Beneath this line are entries. Copy the range from the line with "口罩廠風管主管組裝完成80%并完成相應保溫。" to the line with "A classic style, elevated", ends included, exactly; leave pictures out.

▶ Extracted information
Start of Block
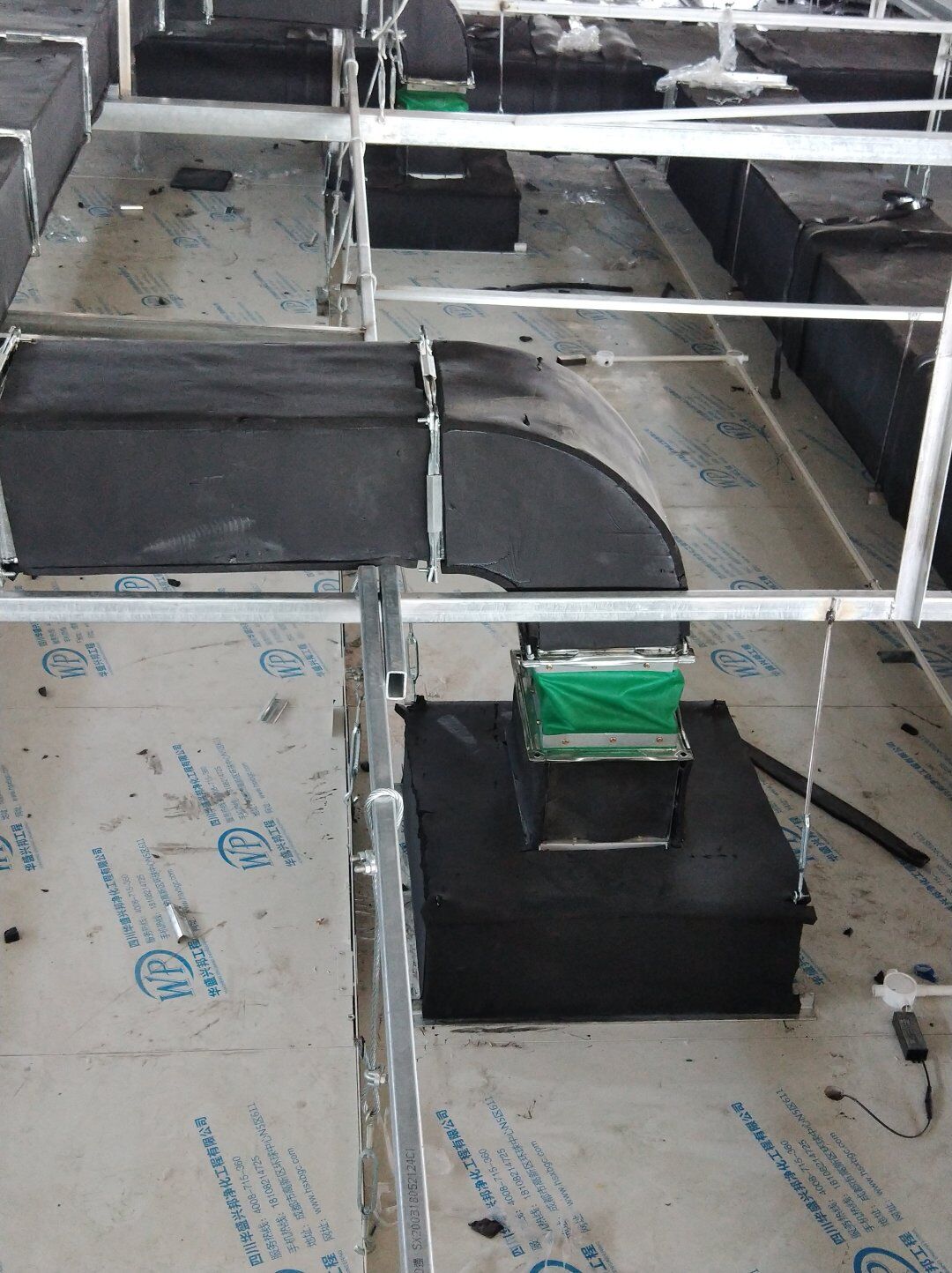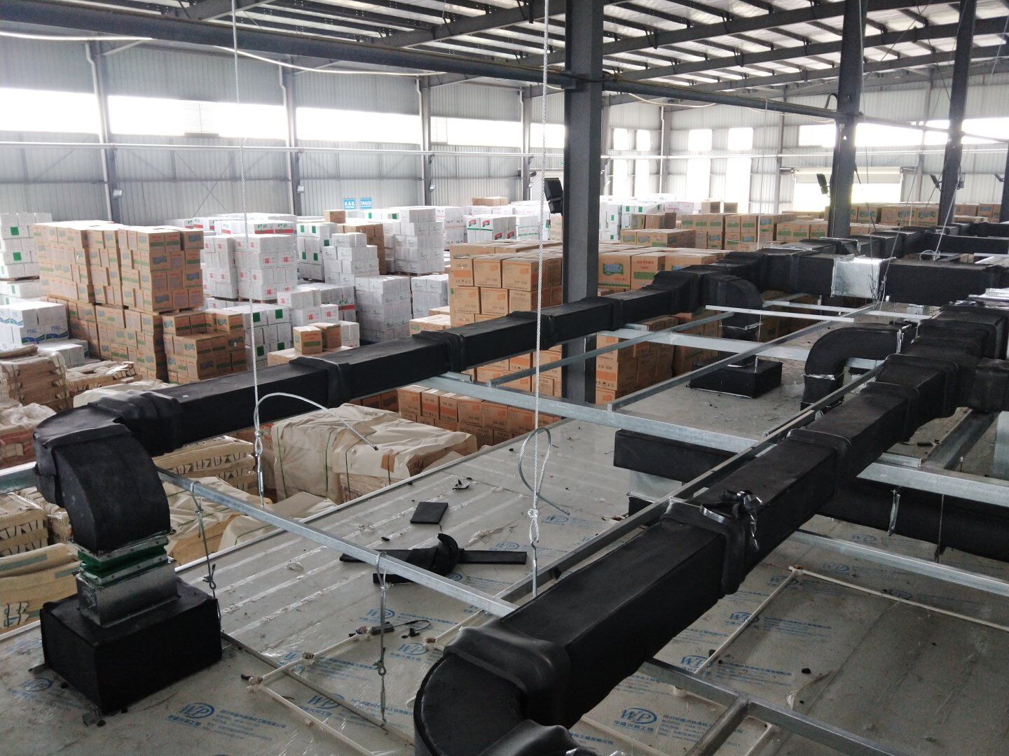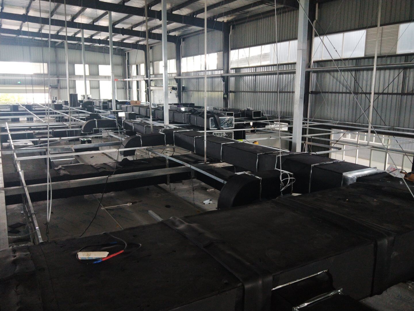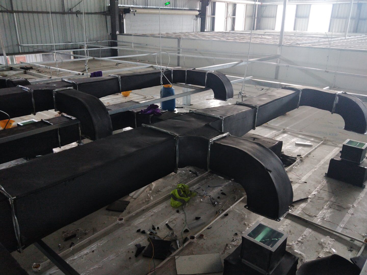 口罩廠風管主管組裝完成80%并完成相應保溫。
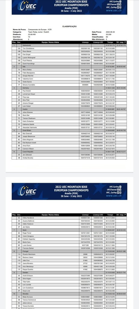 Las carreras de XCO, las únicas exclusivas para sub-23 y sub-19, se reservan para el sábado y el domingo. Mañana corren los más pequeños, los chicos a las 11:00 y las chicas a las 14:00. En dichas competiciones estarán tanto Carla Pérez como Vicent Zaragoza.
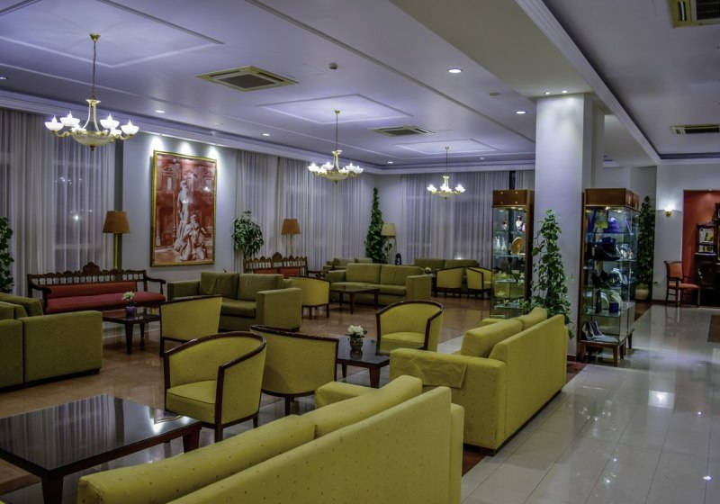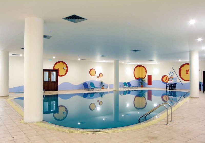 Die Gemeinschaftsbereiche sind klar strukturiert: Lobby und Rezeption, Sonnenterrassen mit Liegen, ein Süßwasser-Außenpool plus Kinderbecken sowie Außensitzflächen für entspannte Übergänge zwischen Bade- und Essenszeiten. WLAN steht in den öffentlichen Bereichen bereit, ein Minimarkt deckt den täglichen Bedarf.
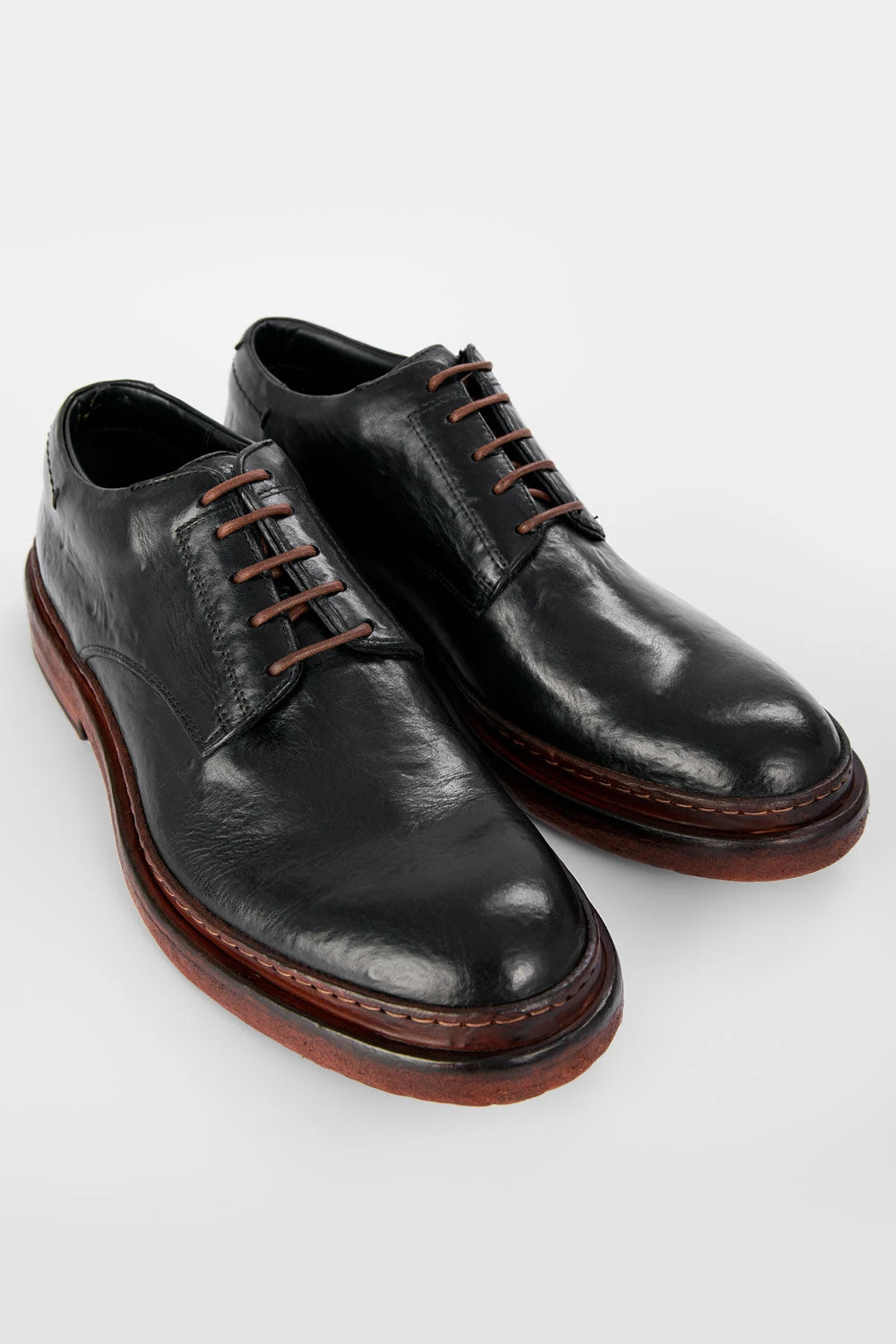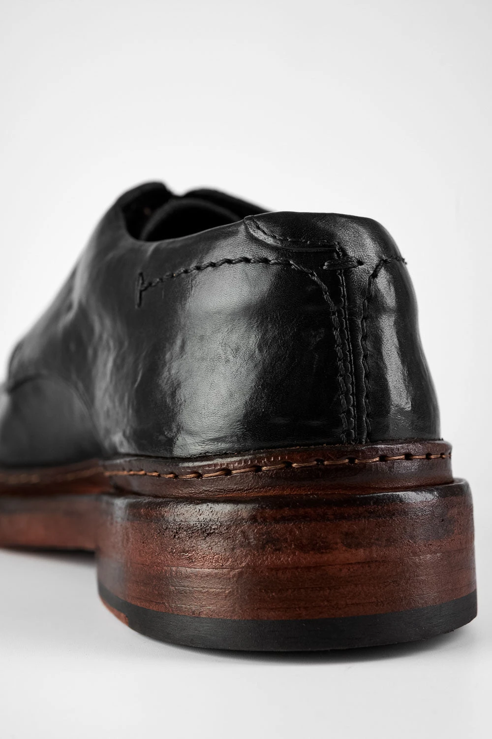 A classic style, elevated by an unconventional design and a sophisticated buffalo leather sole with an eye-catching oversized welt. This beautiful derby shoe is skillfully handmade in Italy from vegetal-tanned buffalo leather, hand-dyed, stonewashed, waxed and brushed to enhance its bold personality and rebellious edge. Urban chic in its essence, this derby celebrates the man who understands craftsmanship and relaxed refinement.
End of Block
Start of Block
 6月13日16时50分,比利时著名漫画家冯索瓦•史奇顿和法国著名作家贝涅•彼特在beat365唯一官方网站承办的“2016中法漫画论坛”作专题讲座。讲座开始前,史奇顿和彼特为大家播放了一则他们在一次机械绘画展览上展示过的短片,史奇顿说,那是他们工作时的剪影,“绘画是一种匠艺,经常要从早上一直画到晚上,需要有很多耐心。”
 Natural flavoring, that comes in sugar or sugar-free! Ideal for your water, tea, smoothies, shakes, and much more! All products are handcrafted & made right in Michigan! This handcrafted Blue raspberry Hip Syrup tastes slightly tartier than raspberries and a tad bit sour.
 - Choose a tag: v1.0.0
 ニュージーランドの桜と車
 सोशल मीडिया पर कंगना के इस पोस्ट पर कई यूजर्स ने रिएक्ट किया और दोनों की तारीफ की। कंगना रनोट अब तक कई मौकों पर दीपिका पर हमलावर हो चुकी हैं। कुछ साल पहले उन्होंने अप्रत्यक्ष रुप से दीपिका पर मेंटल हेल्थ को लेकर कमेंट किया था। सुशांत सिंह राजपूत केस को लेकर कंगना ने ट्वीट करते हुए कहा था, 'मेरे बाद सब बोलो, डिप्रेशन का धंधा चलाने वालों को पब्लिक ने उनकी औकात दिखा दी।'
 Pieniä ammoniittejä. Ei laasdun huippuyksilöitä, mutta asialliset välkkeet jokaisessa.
End of Block
Start of Block
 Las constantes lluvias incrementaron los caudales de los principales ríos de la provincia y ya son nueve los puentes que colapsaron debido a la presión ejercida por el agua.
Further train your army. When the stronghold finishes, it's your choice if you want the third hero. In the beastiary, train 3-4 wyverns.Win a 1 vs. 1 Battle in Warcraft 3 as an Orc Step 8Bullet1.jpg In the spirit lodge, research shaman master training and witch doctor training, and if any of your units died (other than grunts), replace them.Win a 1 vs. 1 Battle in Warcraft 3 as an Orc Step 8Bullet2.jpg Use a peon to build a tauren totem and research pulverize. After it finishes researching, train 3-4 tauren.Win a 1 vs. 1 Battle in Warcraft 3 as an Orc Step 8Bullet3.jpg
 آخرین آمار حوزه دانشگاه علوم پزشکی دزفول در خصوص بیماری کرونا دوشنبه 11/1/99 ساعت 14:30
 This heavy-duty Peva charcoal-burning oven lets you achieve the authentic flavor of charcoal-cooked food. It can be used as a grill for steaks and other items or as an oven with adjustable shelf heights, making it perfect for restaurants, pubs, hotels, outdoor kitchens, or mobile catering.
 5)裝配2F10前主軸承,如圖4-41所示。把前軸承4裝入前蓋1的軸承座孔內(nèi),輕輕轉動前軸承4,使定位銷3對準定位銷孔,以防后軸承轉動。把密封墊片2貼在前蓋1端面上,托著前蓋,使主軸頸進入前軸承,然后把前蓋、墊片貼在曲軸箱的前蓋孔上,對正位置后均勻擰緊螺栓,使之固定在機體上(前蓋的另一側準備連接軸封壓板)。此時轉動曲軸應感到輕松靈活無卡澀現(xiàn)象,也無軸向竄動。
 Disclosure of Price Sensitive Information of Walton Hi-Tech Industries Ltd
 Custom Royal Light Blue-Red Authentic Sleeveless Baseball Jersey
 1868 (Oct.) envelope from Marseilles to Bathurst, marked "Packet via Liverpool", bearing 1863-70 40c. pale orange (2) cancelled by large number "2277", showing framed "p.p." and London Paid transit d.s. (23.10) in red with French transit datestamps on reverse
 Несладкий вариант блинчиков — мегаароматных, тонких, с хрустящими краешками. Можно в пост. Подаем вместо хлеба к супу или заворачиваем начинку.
End of Block
▶ Output below
 口罩廠風管主管組裝完成80%并完成相應保溫。
 Las carreras de XCO, las únicas exclusivas para sub-23 y sub-19, se reservan para el sábado y el domingo. Mañana corren los más pequeños, los chicos a las 11:00 y las chicas a las 14:00. En dichas competiciones estarán tanto Carla Pérez como Vicent Zaragoza.
 Die Gemeinschaftsbereiche sind klar strukturiert: Lobby und Rezeption, Sonnenterrassen mit Liegen, ein Süßwasser-Außenpool plus Kinderbecken sowie Außensitzflächen für entspannte Übergänge zwischen Bade- und Essenszeiten. WLAN steht in den öffentlichen Bereichen bereit, ein Minimarkt deckt den täglichen Bedarf.
 A classic style, elevated by an unconventional design and a sophisticated buffalo leather sole with an eye-catching oversized welt. This beautiful derby shoe is skillfully handmade in Italy from vegetal-tanned buffalo leather, hand-dyed, stonewashed, waxed and brushed to enhance its bold personality and rebellious edge. Urban chic in its essence, this derby celebrates the man who understands craftsmanship and relaxed refinement.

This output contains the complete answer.